Abstract

Huntington’s disease is a neurodegenerative disorder characterized by midlife onset, involuntary movements, cognitive decline, and behavioral disturbances. In 1872 George Huntington described a familial form of chorea and named it hereditary chorea. His description, which appeared in the Philadelphia Medical and Surgical Reporter, included all the features considered diagnostic for the disease that now bears his name (1,2). Huntington’s disease is caused by a mutated autosomal dominant gene located on the short arm of chromosome 4. Persons who have a parent with Huntington’s disease have a 50 percent risk of developing the disease themselves. Genetic testing is almost 100 percent sensitive and specific for detecting the abnormal gene. The classic computed tomography finding of flattening of the lateral aspects of the lateral ventricles seen on transverse sections represents atrophic changes in the caudate nuclei and may assist the practitioner in diagnosis.

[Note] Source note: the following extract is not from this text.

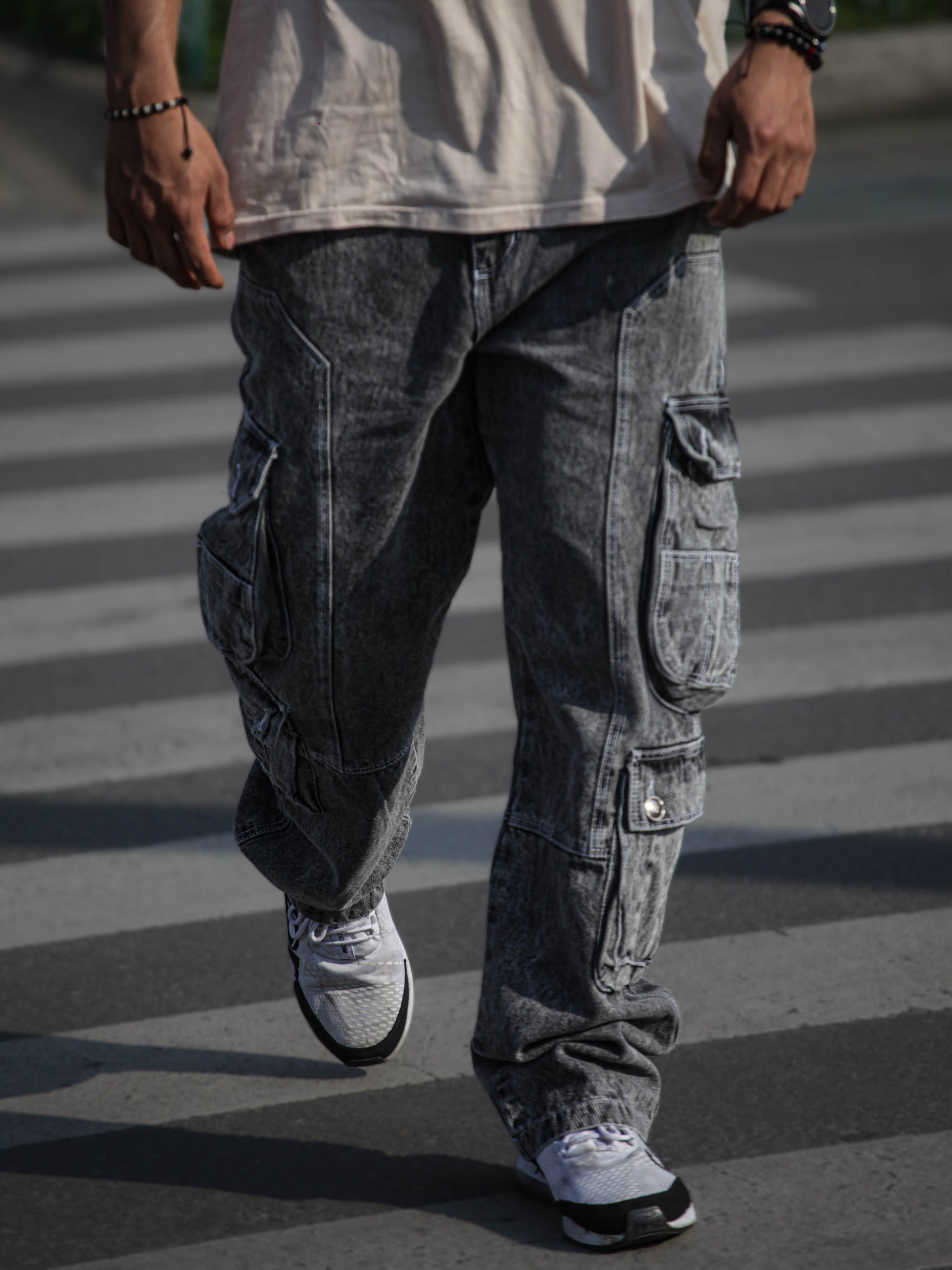 Pantalón Cargo Oversize en Jean Rígido Bota Ancha para hombre - Gris. Corte suelto ancho clásico, confeccionado en tela rígida para mayor resistencia. Cuenta con cinco amplios bolsillos laterales y bolsillos costados, ofreciendo un ajuste a la cintura que se adapta al cuerpo. Su diseño urbano y funcional es ideal para quienes buscan comodidad y estilo práctico.

However, the cornerstone of any diagnosis of Huntington’s disease is the patient’s family history (3). A patient with Huntington’s disease may present with neurological or psychiatric symptoms, or both. The movement disorder may begin with simple twitching or jerking or with clumsiness or coordination problems. As the disease progresses, the patient exhibits generalized chorea. The gait may become bizarre, including stuttering or dancing movements compounded by ataxia. In addition, frank dementia becomes apparent as the disease advances. Psychiatric signs and symptoms spanning a wide range of disturbances appear among 35 to 73 percent of patients with Huntington’s disease; 30 percent of patients meet DSM criteria for major depression (4,5). Suicide is a common cause of death, occurring at four to six times the rate in the general population. Huntington’s disease usually proves fatal between ten and 20 years after onset because of pneumonia and respiratory compromise with progressing dysphagia, which frequently lead to recurrent aspiration (3,5).